Fortunately, top pass rusher Derick Hall returns after nine sacks last season, but he could be a lone bright spot as the team shifts a little under new defensive coordinator Jeff Schmedding. Harsin worked with Schmedding at Boise State, and he was the linebackers coach last season, so there is a lot of familiarity, but slowing down offenses in the SEC is a lot different than in the Mountain West.

Auburn had only 12 takeaways last season, a number that needs to improve if this team is to exceed its expectations.

Outlook

The schedule does Auburn no favors, as there are road games against Georgia and Alabama, as well as a tricky nonconference game in Week 3 against Penn State in a rematch of last year’s 28-20 loss in Happy Valley. A cloudy outlook at quarterback is nothing new after the Nix era, but the Tigers could have a revolving door at the position if none of the candidates takes the job and runs with it.

The SEC West seems to be getting stronger around Auburn, while the Tigers are stuck in the mud, spinning their wheels. The performance against Alabama felt more like an exception to the rule, so it might be a tough year at Auburn, as my projection says 6.39 wins.

Pick: Under 6.5 (-170)

 

FLORIDA

The Gators are one of the hardest teams to handicap this season. The guys from Gainesville are only two seasons removed from going 11-2 with an Orange Bowl win over Virginia. On the other hand, the Gators went 6-7 last season and narrowly beat Florida State just to make it to the Gasparilla Bowl. That isn’t the standard for Gators football, and coach Billy Napier has been brought in to reset the bar.

Offense

This just might be a full-fledged transitional year for the Gators. QB Anthony Richardson is immensely talented, but health and consistency have been concerns. He threw only 64 passes last season and had almost as many interceptions (5) as touchdown passes (6). We saw flashes of potential brilliance with 7.9 yards per carry on 51 attempts, but we also saw a lot of questionable decisions from the pocket.

Napier and offensive coordinator Rob Sale are taking a big leap from the Sun Belt to the SEC, where their physical brand of football allowed the Ragin’ Cajuns to push teams around. Florida isn’t exactly built to do that right now, and the big-play offense looks to be replaced by a more methodical style of play. The top returnee at running back (Nay’Quan Wright) had only 4.3 yards per carry.

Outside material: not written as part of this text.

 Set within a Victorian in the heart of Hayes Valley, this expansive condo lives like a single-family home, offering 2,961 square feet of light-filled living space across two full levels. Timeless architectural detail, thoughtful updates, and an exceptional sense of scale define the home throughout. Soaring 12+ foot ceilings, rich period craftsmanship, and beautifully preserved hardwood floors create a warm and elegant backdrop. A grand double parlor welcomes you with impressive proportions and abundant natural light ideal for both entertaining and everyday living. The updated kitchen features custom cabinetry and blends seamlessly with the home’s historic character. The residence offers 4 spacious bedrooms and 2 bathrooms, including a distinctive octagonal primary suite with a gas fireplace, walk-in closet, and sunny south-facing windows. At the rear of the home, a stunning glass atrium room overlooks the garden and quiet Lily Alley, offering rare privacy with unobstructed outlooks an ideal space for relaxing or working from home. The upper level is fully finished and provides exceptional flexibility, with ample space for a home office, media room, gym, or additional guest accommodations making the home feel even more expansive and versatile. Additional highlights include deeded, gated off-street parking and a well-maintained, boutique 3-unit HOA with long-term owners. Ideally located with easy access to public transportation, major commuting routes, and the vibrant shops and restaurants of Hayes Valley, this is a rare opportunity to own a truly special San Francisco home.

The Gators did throw 18 interceptions last season and made up for it by being 14th in TD% in the red zone. A mobile QB really helps in the scoring areas, but Florida will have to get to those first.

Defense

The Gators made some strides on defense last season, but that’s because they had nowhere to go but up. The 2020 defense allowed 6.1 yards per play and almost 31 points per game. Last year’s defense shaved off four points per game and defended better against the pass, but the Gators were still susceptible to the run and not physical enough.

A lot of underclassmen played key roles last year because of injuries and the previous season’s ugliness, so the Gators are young and talented but can also be undisciplined and unpredictable. The losses from 2020 to 2021 were far more extreme than this past offseason, as the Gators lost only a couple of draft picks and return seven starters.

It was also a tale of two seasons for Florida last year, as the Gators allowed 175 points in a four-game stretch with LSU, Georgia, South Carolina and Samford — the game that got Dan Mullen fired — and allowed only 173 points over the other nine games.

Outlook

This looks like a tough year for the Gators. They open by hosting Utah and draw LSU and Texas A&M from the SEC West before finishing with Florida State in Tallahassee. Talent isn’t really a question, but how the talent fits in with the new regime and new schemes will be a recurring theme as the games play out.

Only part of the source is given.